→ **What the task asks**
There is a line containing "5名藏族女工一邊唱著歌,一邊" in the records below. Repeat it and every line after it, exactly, through the final line, but no pictures.

Records contained in a dataset:

* * *

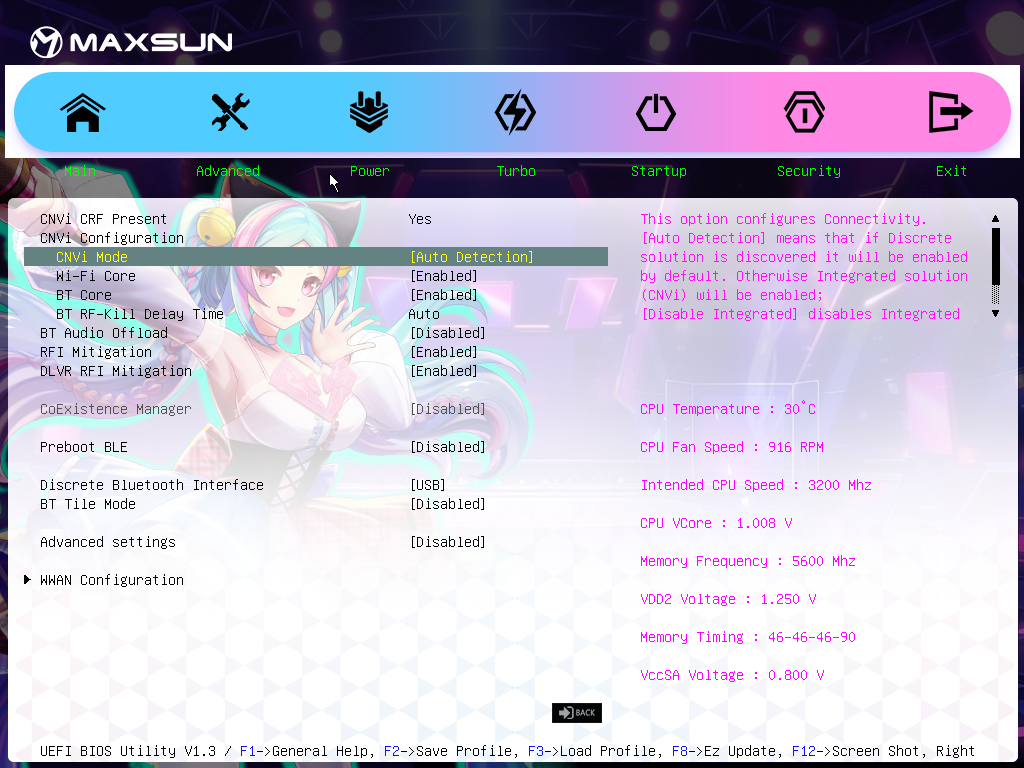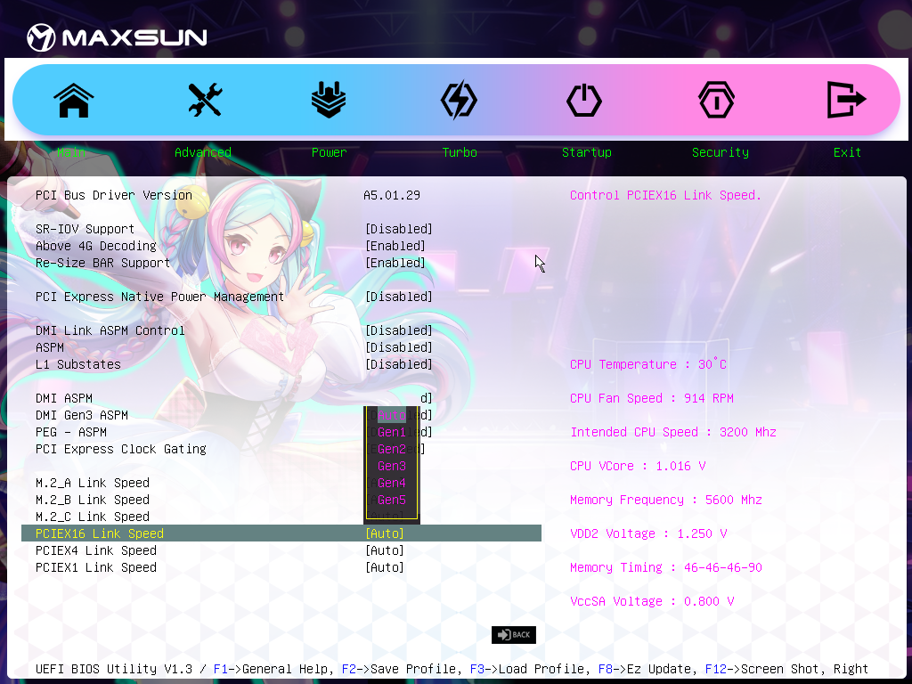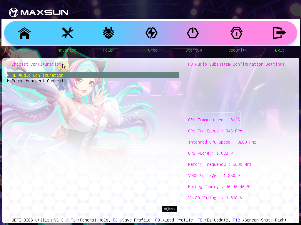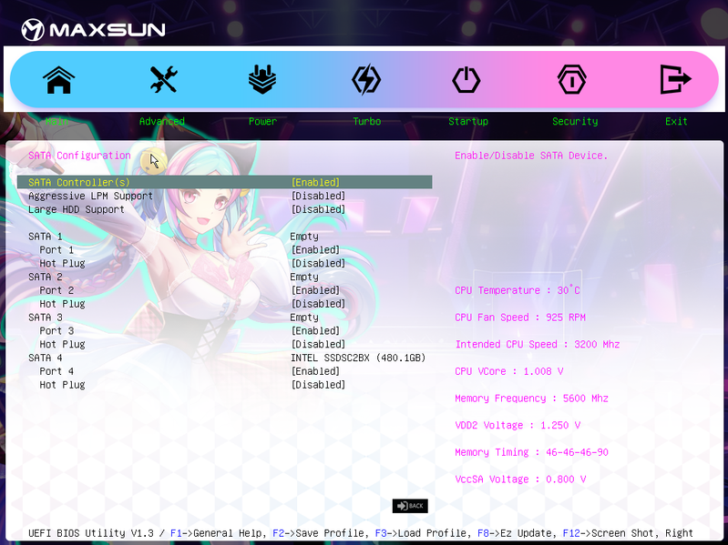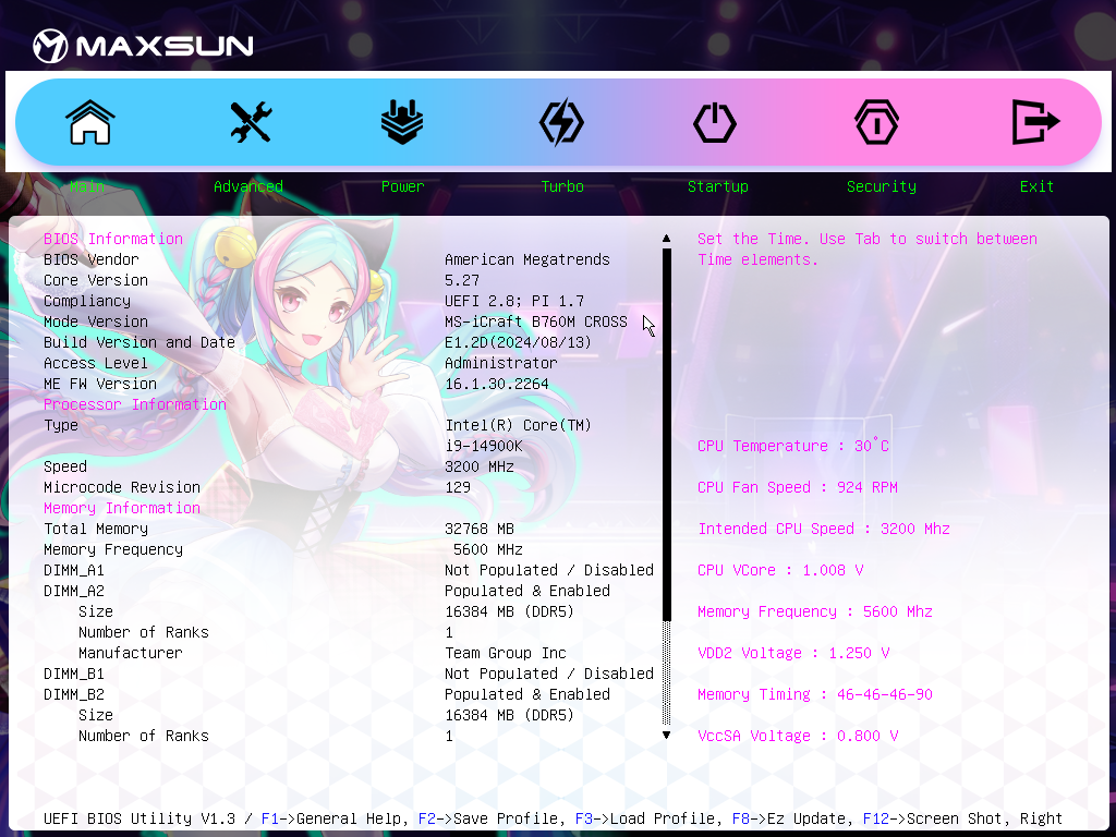 Для установки модулей памяти на плате Maxsun имеется четыре DIMM-слота (для работы памяти в Dual Channel в случае использования всего 2 модулей их следует устанавливать в А2 и B2 (черного цвета). Плата поддерживает небуферизованную память DDR5 (non-EСС), а максимальный объем памяти составляет 192 ГБ. Поддерживаются профили XMP.
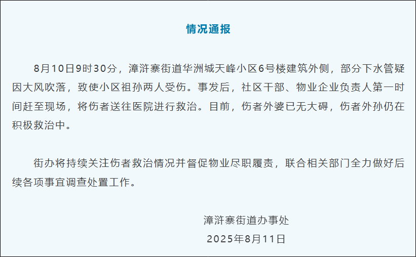 8月10日9时30分,漳浒寨街道华洲城天峰小区6号楼建筑外侧,部分下水管疑因大风吹落,致使小区祖孙两人受伤。
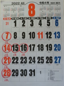 *8月15日(月) お盆休みをいただきます。
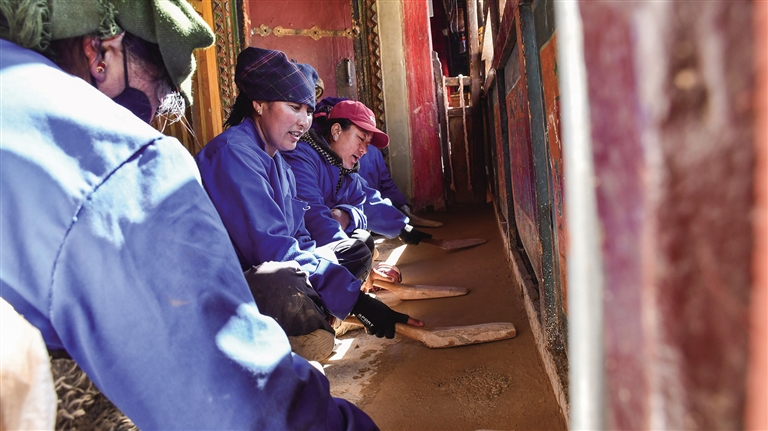 5名藏族女工一邊唱著歌,一邊用手中的工具“帛多”夯打著腳下的碎石和泥土,木棒夯土的聲音是節(jié)奏,歌聲與步調(diào)統(tǒng)一,她們一輪又一輪地合唱著。在不間斷地敲打地面數(shù)小時(shí)后,石子狀的“阿嘎”被打成平地。達(dá)桑告訴記者,這是泥匠組在通過“打阿嘎”對(duì)布宮地面有裂縫的地方進(jìn)行修補(bǔ)。
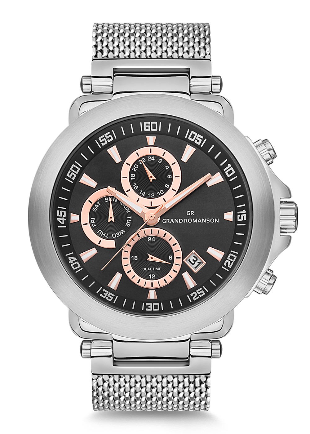 Erkek - Kronometre - Gümüş - Si̇yah - Çeli̇k Örme Kordon - 3 Atm - Sertleşti̇ri̇lmi̇ş Mi̇neral Cam - Grand Romanson

* * *

→ **Exercise output**
 5名藏族女工一邊唱著歌,一邊用手中的工具“帛多”夯打著腳下的碎石和泥土,木棒夯土的聲音是節(jié)奏,歌聲與步調(diào)統(tǒng)一,她們一輪又一輪地合唱著。在不間斷地敲打地面數(shù)小時(shí)后,石子狀的“阿嘎”被打成平地。達(dá)桑告訴記者,這是泥匠組在通過“打阿嘎”對(duì)布宮地面有裂縫的地方進(jìn)行修補(bǔ)。
 Erkek - Kronometre - Gümüş - Si̇yah - Çeli̇k Örme Kordon - 3 Atm - Sertleşti̇ri̇lmi̇ş Mi̇neral Cam - Grand Romanson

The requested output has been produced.